I'd like the entries reproduced exactly, with all pictures omitted.

- Data items -
+ + + + + + +

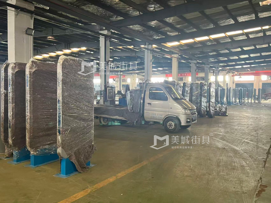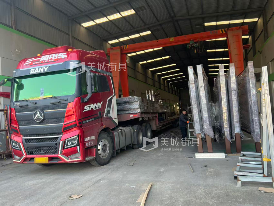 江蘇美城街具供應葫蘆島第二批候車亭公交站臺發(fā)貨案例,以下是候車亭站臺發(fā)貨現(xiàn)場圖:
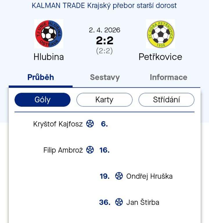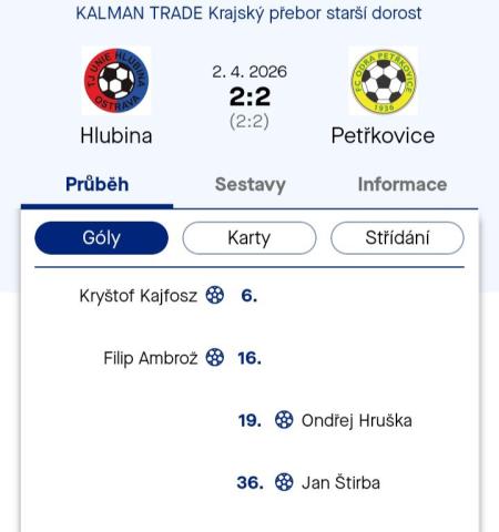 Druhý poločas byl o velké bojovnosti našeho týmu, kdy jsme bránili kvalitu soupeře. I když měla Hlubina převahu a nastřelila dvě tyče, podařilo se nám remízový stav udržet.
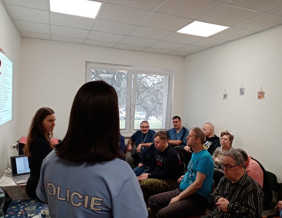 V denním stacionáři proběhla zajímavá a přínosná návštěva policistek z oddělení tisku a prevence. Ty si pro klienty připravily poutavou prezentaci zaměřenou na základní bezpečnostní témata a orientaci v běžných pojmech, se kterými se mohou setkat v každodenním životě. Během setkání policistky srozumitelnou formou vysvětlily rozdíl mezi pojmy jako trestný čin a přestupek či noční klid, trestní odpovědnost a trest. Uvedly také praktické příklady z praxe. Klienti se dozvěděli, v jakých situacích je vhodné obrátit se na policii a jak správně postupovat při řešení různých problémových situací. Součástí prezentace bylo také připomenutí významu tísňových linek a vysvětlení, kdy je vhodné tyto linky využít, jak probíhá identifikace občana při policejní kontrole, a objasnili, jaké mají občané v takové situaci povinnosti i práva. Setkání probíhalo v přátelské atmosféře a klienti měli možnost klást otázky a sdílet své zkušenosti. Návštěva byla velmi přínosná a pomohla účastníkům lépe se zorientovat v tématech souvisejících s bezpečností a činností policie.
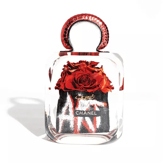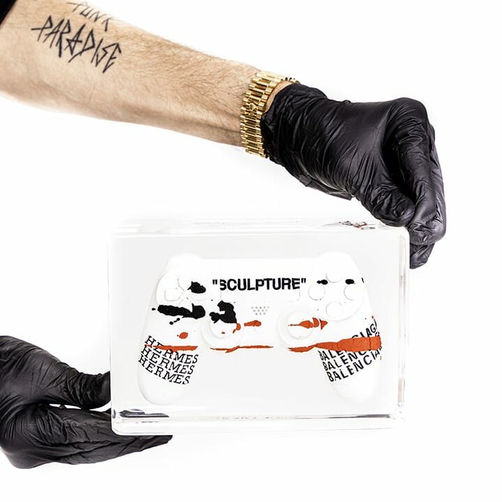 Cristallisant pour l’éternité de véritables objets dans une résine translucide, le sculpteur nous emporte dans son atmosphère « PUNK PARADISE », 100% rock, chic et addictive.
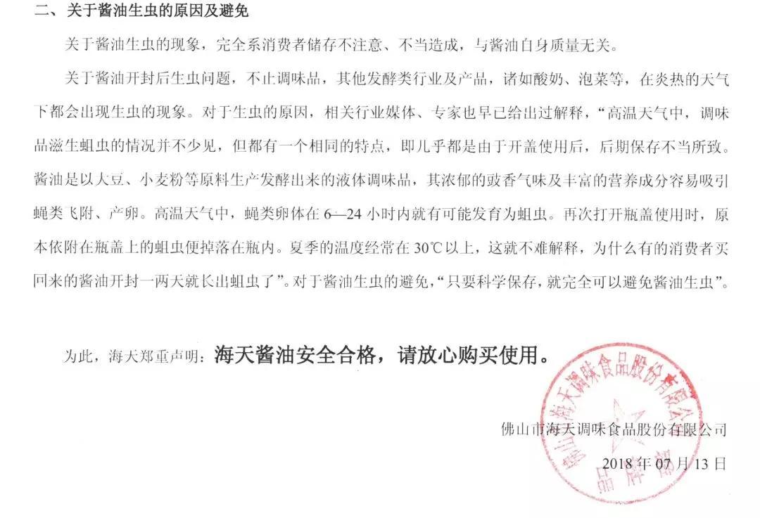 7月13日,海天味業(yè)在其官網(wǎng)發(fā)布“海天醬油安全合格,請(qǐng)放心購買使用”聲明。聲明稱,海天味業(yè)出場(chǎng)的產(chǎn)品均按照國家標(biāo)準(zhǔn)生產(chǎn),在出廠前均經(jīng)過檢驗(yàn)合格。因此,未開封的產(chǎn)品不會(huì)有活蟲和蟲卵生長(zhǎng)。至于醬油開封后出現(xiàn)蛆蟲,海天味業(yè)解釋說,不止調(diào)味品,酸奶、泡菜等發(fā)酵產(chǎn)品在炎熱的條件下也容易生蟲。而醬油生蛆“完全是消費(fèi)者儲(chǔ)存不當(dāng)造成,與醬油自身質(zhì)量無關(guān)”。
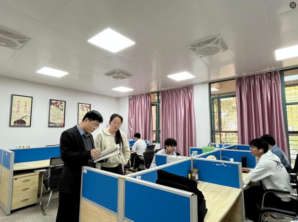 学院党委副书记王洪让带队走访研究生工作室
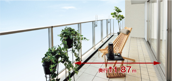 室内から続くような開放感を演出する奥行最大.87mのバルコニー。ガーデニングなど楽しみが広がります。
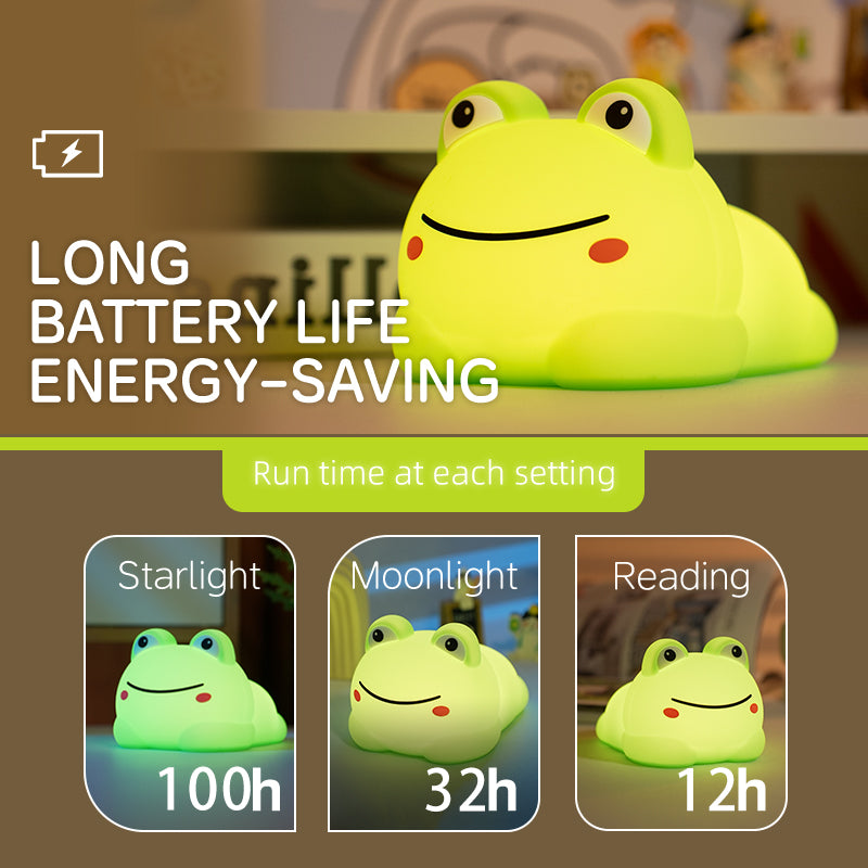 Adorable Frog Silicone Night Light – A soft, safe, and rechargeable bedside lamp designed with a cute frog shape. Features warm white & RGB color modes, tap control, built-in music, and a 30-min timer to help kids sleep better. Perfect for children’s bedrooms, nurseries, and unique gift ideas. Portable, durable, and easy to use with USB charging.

+ + + + + + +

- Response to the exercise -
 江蘇美城街具供應葫蘆島第二批候車亭公交站臺發(fā)貨案例,以下是候車亭站臺發(fā)貨現(xiàn)場圖:
 Druhý poločas byl o velké bojovnosti našeho týmu, kdy jsme bránili kvalitu soupeře. I když měla Hlubina převahu a nastřelila dvě tyče, podařilo se nám remízový stav udržet.
 V denním stacionáři proběhla zajímavá a přínosná návštěva policistek z oddělení tisku a prevence. Ty si pro klienty připravily poutavou prezentaci zaměřenou na základní bezpečnostní témata a orientaci v běžných pojmech, se kterými se mohou setkat v každodenním životě. Během setkání policistky srozumitelnou formou vysvětlily rozdíl mezi pojmy jako trestný čin a přestupek či noční klid, trestní odpovědnost a trest. Uvedly také praktické příklady z praxe. Klienti se dozvěděli, v jakých situacích je vhodné obrátit se na policii a jak správně postupovat při řešení různých problémových situací. Součástí prezentace bylo také připomenutí významu tísňových linek a vysvětlení, kdy je vhodné tyto linky využít, jak probíhá identifikace občana při policejní kontrole, a objasnili, jaké mají občané v takové situaci povinnosti i práva. Setkání probíhalo v přátelské atmosféře a klienti měli možnost klást otázky a sdílet své zkušenosti. Návštěva byla velmi přínosná a pomohla účastníkům lépe se zorientovat v tématech souvisejících s bezpečností a činností policie.
 Cristallisant pour l’éternité de véritables objets dans une résine translucide, le sculpteur nous emporte dans son atmosphère « PUNK PARADISE », 100% rock, chic et addictive.
 7月13日,海天味業(yè)在其官網(wǎng)發(fā)布“海天醬油安全合格,請(qǐng)放心購買使用”聲明。聲明稱,海天味業(yè)出場(chǎng)的產(chǎn)品均按照國家標(biāo)準(zhǔn)生產(chǎn),在出廠前均經(jīng)過檢驗(yàn)合格。因此,未開封的產(chǎn)品不會(huì)有活蟲和蟲卵生長(zhǎng)。至于醬油開封后出現(xiàn)蛆蟲,海天味業(yè)解釋說,不止調(diào)味品,酸奶、泡菜等發(fā)酵產(chǎn)品在炎熱的條件下也容易生蟲。而醬油生蛆“完全是消費(fèi)者儲(chǔ)存不當(dāng)造成,與醬油自身質(zhì)量無關(guān)”。
 学院党委副书记王洪让带队走访研究生工作室
 室内から続くような開放感を演出する奥行最大.87mのバルコニー。ガーデニングなど楽しみが広がります。
 Adorable Frog Silicone Night Light – A soft, safe, and rechargeable bedside lamp designed with a cute frog shape. Features warm white & RGB color modes, tap control, built-in music, and a 30-min timer to help kids sleep better. Perfect for children’s bedrooms, nurseries, and unique gift ideas. Portable, durable, and easy to use with USB charging.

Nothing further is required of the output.